* **Data**:
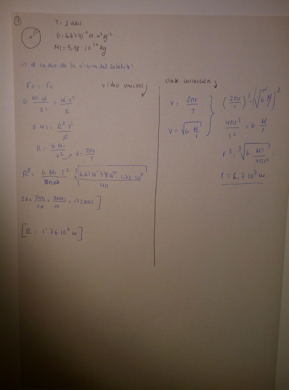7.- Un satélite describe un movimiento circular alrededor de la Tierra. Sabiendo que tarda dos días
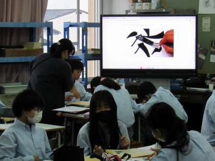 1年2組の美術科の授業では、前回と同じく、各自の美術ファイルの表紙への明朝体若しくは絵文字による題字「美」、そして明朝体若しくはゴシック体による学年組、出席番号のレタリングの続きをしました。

---

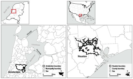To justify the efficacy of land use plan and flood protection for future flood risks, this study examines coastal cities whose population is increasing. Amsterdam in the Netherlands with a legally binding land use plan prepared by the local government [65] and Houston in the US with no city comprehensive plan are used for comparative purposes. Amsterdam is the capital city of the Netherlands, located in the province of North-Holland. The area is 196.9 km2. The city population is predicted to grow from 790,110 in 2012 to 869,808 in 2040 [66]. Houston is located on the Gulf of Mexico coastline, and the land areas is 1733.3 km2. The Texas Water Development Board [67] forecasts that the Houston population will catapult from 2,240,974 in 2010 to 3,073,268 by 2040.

...

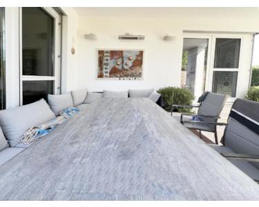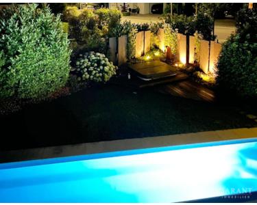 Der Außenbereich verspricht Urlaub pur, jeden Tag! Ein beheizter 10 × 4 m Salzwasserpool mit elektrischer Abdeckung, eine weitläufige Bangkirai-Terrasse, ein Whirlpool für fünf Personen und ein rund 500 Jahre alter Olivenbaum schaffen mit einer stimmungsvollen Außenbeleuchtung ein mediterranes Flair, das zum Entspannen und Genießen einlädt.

* **About this task**:
Going by the data above, give back only the lines from the one containing "7.- Un satélite" through the one containing "1年2組の美術科の授業では、", exactly as they stand, both ends included and no images.

* **Response**:
7.- Un satélite describe un movimiento circular alrededor de la Tierra. Sabiendo que tarda dos días
 1年2組の美術科の授業では、前回と同じく、各自の美術ファイルの表紙への明朝体若しくは絵文字による題字「美」、そして明朝体若しくはゴシック体による学年組、出席番号のレタリングの続きをしました。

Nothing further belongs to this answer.